Before 2011, about 350 Bedouin residents lived in majority-Druze Qarayya, most of them owning homes and land in the Karam Al-Wardeh neighbourhood. However, since 2012 there have been several waves of displacement among the town’s Bedouin residents. Today only one Bedouin family remains.
In 2012, young Bedouin men from Qarayya joined armed opposition factions in the neighbouring Daraa governorate, and the regime security apparatus began pursuing their families. As a result, some of them fled to Daraa. Then in 2018, with the reconciliation agreement in Daraa underway between the regime and rebels, most displaced families from Qarayya returned home and life returned to a sense of normalcy. At the time, only a few Bedouin youth from the town remained within the opposition militias, stationed near the city of Bosra Al-Sham. They became affiliated with the Eighth Brigade of the Fifth Corps, which was backed by Russia and controlled the city.
A battle broke out in Qarayya on March 27, 2020 between the Eighth Brigade, led by Ahmad Al-Odeh, and local Druze factions, against a backdrop of repeated kidnappings in the area between Bosra Al-Sham and Qarayya. Armed Bedouin men within the Eighth Brigade participated in the fighting against their Druze neighbours. Dozens of Druze died in the fighting because of a military imbalance between the two parties. Fearing reprisals from family members of the slain Druze fighters, Bedouin residents fled to the countryside west of Qarayya, on the outskirts of Bosra Al-Sham, and remained there for several days. Some of them later fled to the Daraa governorate while others preferred to set up tents and remain in the countryside west of Qarayya. However, the largest group ended up in the town of Kharba, located in the southwestern part of the Suweida governorate and controlled by Eighth Brigade-affiliated militias.

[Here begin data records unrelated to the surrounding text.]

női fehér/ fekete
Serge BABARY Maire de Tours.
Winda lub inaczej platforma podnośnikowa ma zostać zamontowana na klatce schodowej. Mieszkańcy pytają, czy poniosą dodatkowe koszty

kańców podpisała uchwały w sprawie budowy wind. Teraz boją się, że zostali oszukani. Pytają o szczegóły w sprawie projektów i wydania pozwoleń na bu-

Kharba, which belongs administratively to Suweida, was majority Christian before opposition militias from Daraa seized it in 2014. Christian residents subsequently fled the town, which remained virtually empty under opposition control. The Eighth Brigade then held control of Kharba from 2018 to 2020. Displaced Bedouin from Qarayya stayed in Kharba for only a short time before they left under a settlement between the residents of Kharba and the Eighth Brigade on May 2, 2020. The original residents of Kharba were then allowed to return. The displaced Bedouin then moved from Kharba to a camp near Khirbat Al-Kawwam within the Qarayya administrative area.

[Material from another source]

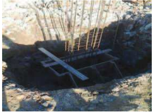
Pilar do baldrame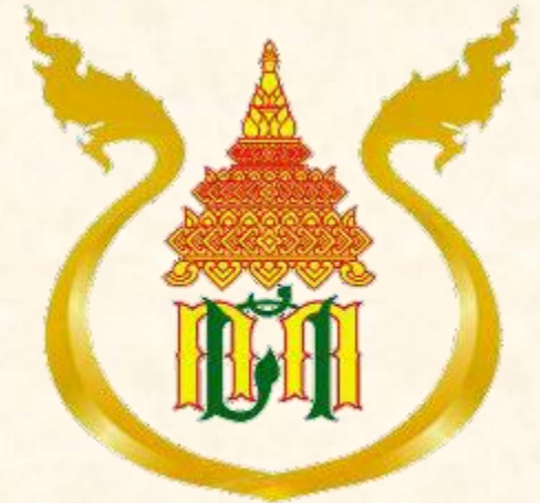
ด้านศุลกากรหนองคาย

About 200 displaced Bedouin residents of Qarayya settled in the camp, which soon came to include displaced Bedouins from other areas, including Suweida’s eastern Badia. Some displaced Bedouin in the camp were recruited to join armed groups, including those that work for the regime’s Fourth Division. Those groups initiated armed clashes with local Qarayya militias, carried out kidnappings and killings against local farmers working their fields west of the town. The skirmishes between those armed groups and Qarayya residents are ongoing and include crop burning, shootings, murder, and kidnapping.
Local leaders from Suweida and Daraa have tried to find solutions for the disputes. The Russian Reconciliation Centre in southern Syria has also intervened, sending a delegation to visit the two sides. Representatives of the townspeople of Qarayya and displaced Bedouin reached a preliminary agreement for the Bedouin to return to their homes in Qarayya, except for two families whose sons were involved in battles in which a number of residents were killed. For unknown reasons, the Russian mediators rejected that condition, insisting instead that the Bedouin residents be allowed to return home with no conditions. Qarayya notables subsequently refused to attend the reconciliation meeting that was scheduled to be held at the Russian Reconciliation Centre in Damascus in April 2021.